Тишина. Полумрак. Спокойствие.
В какой-то момент, уже под самое утро, в «собачью вахту», как ещё принято называть это время, тихонечко и бесшумно отворилось небольшое окно комнаты. Окно, расположенное на десятом этаже отдельно стоящего здания корпуса центральной Петроградской больницы.
По палате протянуло лёгким, почти незаметным ветерком.
Довольно долгое время в палате совершенно ничего не происходило и не менялось. Всё было так же спокойно, размеренно и тихо.
А потом писк приборчика, его периодические сигналы стали ускоряться и звучать тревожнее. Ещё тревожнее. Потом полностью прекратились, слившись в громкий монотонно-тревожащий писк, свидетельствующий и оповещающий персонал больницы — дежурную бригаду медиков-реаниматоров о том, что сердце пациента остановилось. Перестало биться. Пульс исчез.

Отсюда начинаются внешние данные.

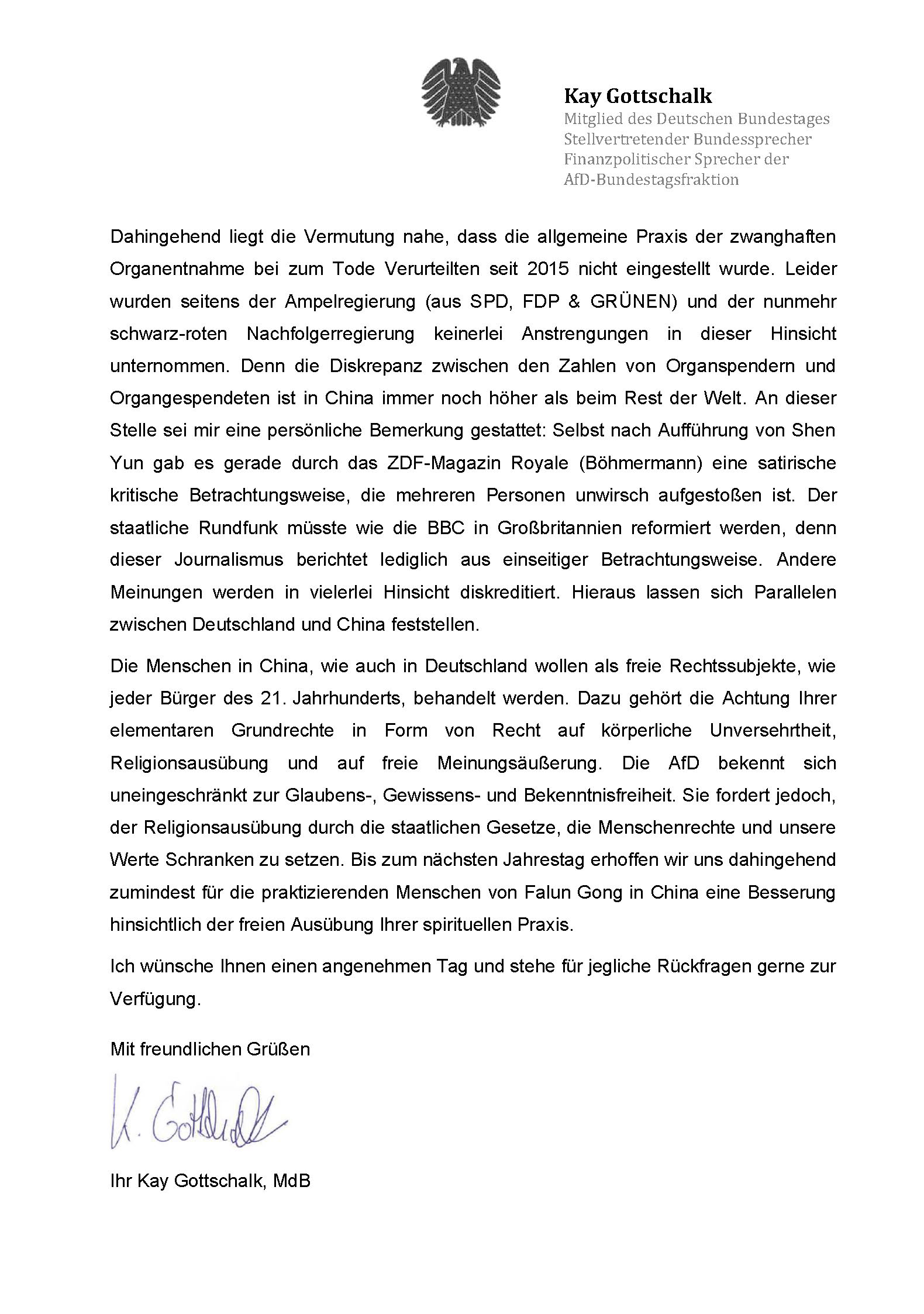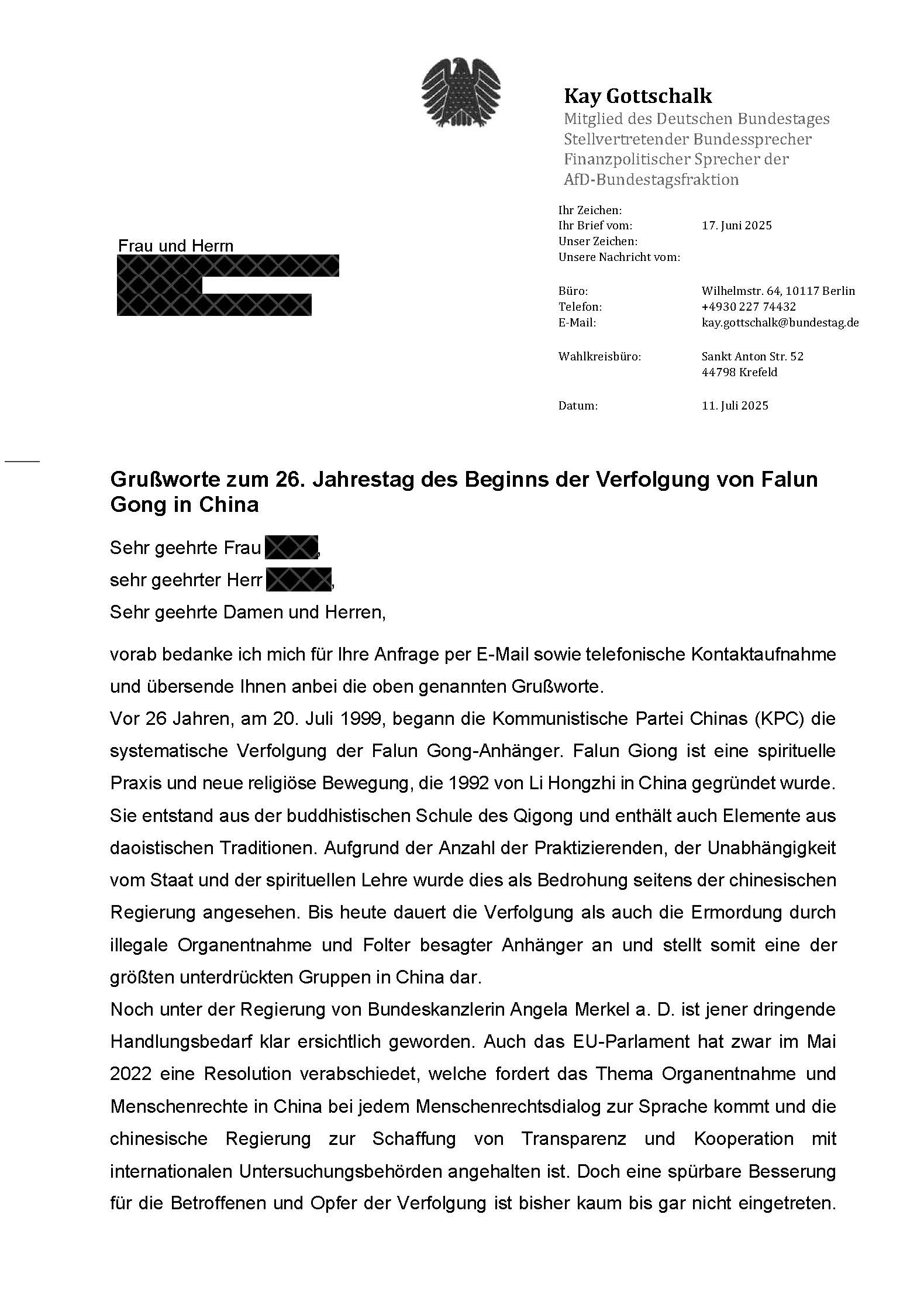 【明慧網二零二五年八月十八日】(明慧德國記者站報導)德國聯邦議員、聯邦副發言人、選項黨(AfD)聯邦議會社團財政政策發言人凱﹒戈特沙爾克(Kay Gottschalk, MdB)最近給法輪功學員來函,聲援法輪功學員反迫害,譴責中共迫害和非法活摘法輪功學員器官,並批評了德國電視二台《皇家》節目(ZDF-Magazin Royale)主持人博默曼(Böhmermann))對神韻的攻擊。

Не прошло и минуты, как палата наполнилась шумом, суетой, голосами и людьми в белых халатах и синих медицинский спец-костюмах, в масках и перчатках.
Сорок пять минут длились реанимационные мероприятия. Сорок пять минут всеми мыслимыми и немыслимыми средствами и способами врачи пытались вновь запустить сердце юноши. Не получилось. И через сорок пять минут им-таки пришлось констатировать факт смерти.
Группа реаниматологов вышла из палаты, на ходу стягивая с рук перчатки. Младший медицинский персонал отключил от тела приборы, вытащил трубки, отсоединил капельницу, накрыл тело белой простынёй вместе с головой. Затем тело перегрузили на специальную каталку и увезли в морг. В палате снова стало темно и тихо.
И лишь на пару секунд, в дальнем углу помещения показался-мелькнул высокий человеческий силуэт, впрочем, тут же снова переставший быть видимым. Потом приоткрылось окошко, дёрнулась шторочка. Снова закрылось…
Я жадно, с хрипом втянул в себя воздух, резко садясь в своей постели. Несколько долгих секунд потребовалось на то, чтобы сообразить и перестроиться к обстановке и резко изменившемуся восприятию.
— Джевахов!… — тихо и зло выдохнул я, сквозь сжатые зубы тихо, чтобы не будить окончательно, итак, уже заворочавшуюся жену. — Сссука!..
* * *
Глава 30
* * *
Ванная комната, в которую вошёл высокий стройный мужчина, которого, пожалуй, стоило бы назвать долговязым, была не то, чтобы, прям, роскошной, но и дешёвой её отделку и оборудование тоже не назовёшь. Хотя, а как могло быть иначе в одной из квартир преподавательского корпуса Царско-сельского Императорского Лицея? Ведь, здесь не только обучались Одарённые Дворяне, отпрыски самых богатых и влиятельных Семей Империи, но и обучали — тоже Дворяне. Тоже Одарённые. И тоже относящиеся к классу богатых и привилегированных.
Так что: площадь комнаты, как у целой средней квартиры в среднем городе, отделка белых стен лепниной и золотыми узорами, натуральный камень пола, приятные дорогие коврики под ногами, зеркала на стенах, односторонней прозрачности окно с видом на парки и озеро. Ну и сама ванна — длинная, просторная, стилизованная под старину, с золочением бортиков, стоящая на изогнутых кованных, и опять же, золочёных ножках в центре комнаты.
Длинная — индивидуальный заказ, дабы долговязый хозяин квартиры комфортно в ней мог поместиться весь, не поджимая колен к подбородку. Ну, он ведь мог себе это позволить!